All research
7 min readMethodologyMicrostructure

The bar-coarsening discriminator: when a Sharpe of 3 is just stale closes

A reversion edge that looks clean on hourly bars and evaporates on daily bars was never reversion — it was bid-ask bounce in the close. The cheapest test we have for telling the two apart, and the candidates it has killed.

A cross-instrument reversion or cointegration backtest on hourly closes is one of the easier things in this business to make look good. Build a spread between two related instruments, z-score it on a rolling window, trade the extremes, subtract a cost. On crypto majors the result is often a clean, positive, net-of-cost Sharpe — the kind of number that, if you stopped there, would walk straight into a strategy doc. Before it does, resample the same data to four-hour and one-day bars and run it again, unchanged otherwise. If the edge holds, you may have something. If it collapses, you never did: you were trading the bid-ask bounce in the hourly close.

Why an hourly close lies

A kline close is the last trade — or, on quieter instruments, the last mark — printed before the bar boundary. On anything but the most liquid book that print carries two contaminations. First, bid-ask bounce: the last trade sits at the bid or the ask, not the mid, and which one is effectively a coin flip. Second, staleness: if no trade lands near the boundary, the close is a quote that is minutes old. A spread built from two such closes inherits both contaminations from both legs, independently. The result is a high-frequency wobble that mean-reverts almost perfectly — because it is noise around a slow-moving true relationship, and noise reverts by construction.

A z-score reversion rule loves this wobble. It enters when the spread is two bounces wide and exits when the bounces unwind, and it books the difference as profit. The profit is not real. You cannot sell your own bid-ask bounce; the price you would actually transact at never moved the way the close did. The backtest is measuring an artifact of how the bar was sampled, not a tradeable dislocation.

The test

Coarsen the bar and re-run. Four-hour, then one-day. Plot the net-of-cost result — Sharpe, or better, per-trade basis points — against bar width. Two shapes:

  • Monotonic collapse toward zero. The edge was the sampling artifact. Widening the bar averages the bounce away, and with it the “edge.” This is the overwhelmingly common case on crypto stat-arb.
  • Roughly flat. The per-trade magnitude survives coarsening. The relationship lives in the price, not in the close, and the candidate earns a closer look — cost realism, capacity, walk-forward — none of which this test replaces.
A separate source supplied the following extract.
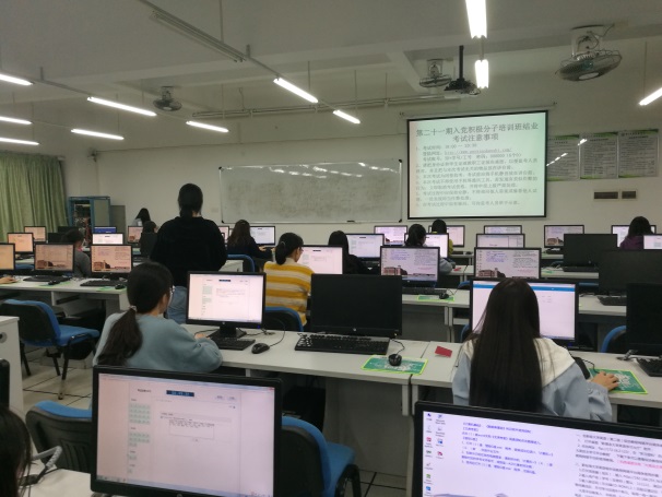 2019年4月12日晚上,我处实验中心协助校团委在两校区共6间机房中顺利完成了学校第二十一期入党积极分子培训班共300多名入党积极分子结业考试。

The mechanism in one line: artifacts live at the sampling frequency; real relationships live in the price. Coarsening the bar strips the former and keeps the latter.

Two it has killed

On one venue, a cointegration screen showed an out-of-sample Sharpe near 1.9 at one-hour bars. At one-day bars the same pairs gave 0.4 — a clean tell that the hourly number was stale-close reversion on a slow book. On a second venue, a crypto cointegration line read 3.0 at 1h, 1.1 at 4h, and 0.5 at 1d: a monotonic, roughly geometric decay with bar width, which is exactly the fingerprint of an artifact that halves every time you double the averaging window. Both numbers were, at 1h, good enough to mistake for a result. Neither survived contact with a wider bar.
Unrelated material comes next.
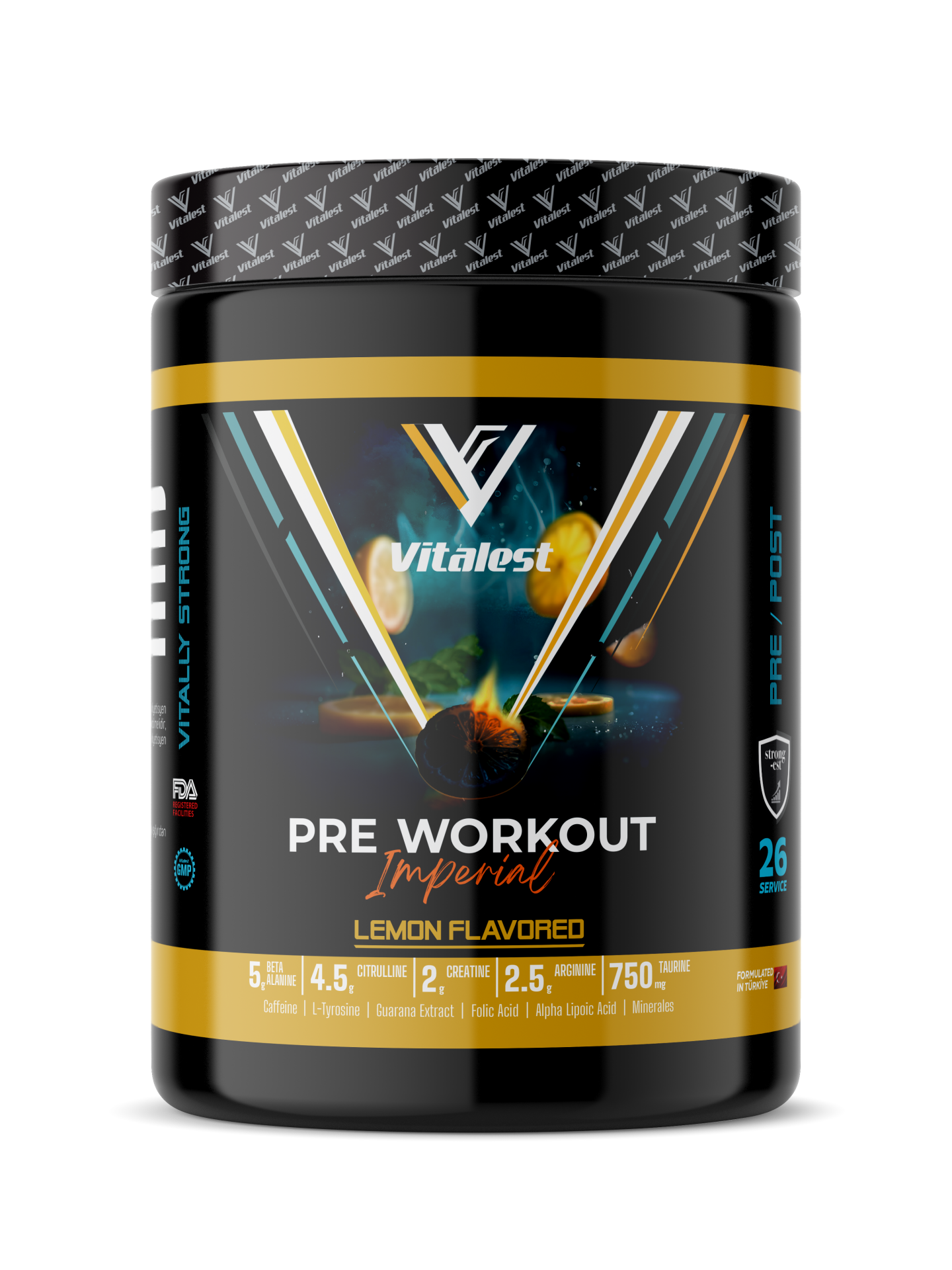Vitalest Pre-Workout Imperial, yüksek yoğunluklu antrenmanlar için tasarlanmış gelişmiş bir performans formülüdür. Her serviste 5 g Beta-Alanine, 4.5 g Citrulline ve 3 g Kreatin içerir. 250 mg Kafein, 100 mg Guarana ekstresi ve 150 mg Tirozin ile mental odaklanmayı destekler. Arginine AKG ve Taurine ile antrenman boyunca kan akışını ve kas dayanıklılığını artırır.

The test cuts the other way too, which is what makes it a discriminator and not just a wrecking ball. A term-structure relationship we looked at held its per-trade magnitude from 1h through 4h and weakened only mildly at 1d — and that mild weakening had an independent, expected explanation (fewer, longer-held trades at the daily horizon), not the geometric collapse of a bounce artifact. A real relationship degrades gracefully under coarsening; an artifact falls off a cliff.

The engineering pitfall

You have to rebuild the coarse bars from the underlying, not decimate the fine series. Taking every fourth one-hour close to make a “four-hour” series keeps the bounce — you have thrown away three quarters of your data and none of the contamination. Aggregate properly: open from the first sub-bar, high and low as the extremes, close as the last sub-bar's close, volume summed. And note a residual subtlety — a one-day close that you build by taking the last hourly close of the day still inherits that hourly close's staleness. Where the venue serves native daily bars, prefer them; the locally-aggregated version slightly understates the very staleness it is trying to expose. So a candidate that collapses even under aggregation is a conclusive kill, while one that survives aggregation still deserves the native-bar check before you believe it.

What this is not

This is one rail, not the analysis. It is orthogonal to the others and replaces none of them: false-discovery control handles the fact that you tested many pairs; walk-forward folds handle the fact that one historical window can be lucky; a real cost model handles the fact that the spread you assumed is probably wrong. Bar-coarsening handles one specific failure — the sampling artifact — that those three do not catch, because an artifact can be statistically significant, fold-consistent, and survive a generous cost assumption while still being untradeable. A candidate should pass all four. In our experience on crypto relative value, this is the rail that fires first and most often, which is why it is worth running before you spend a day on the others.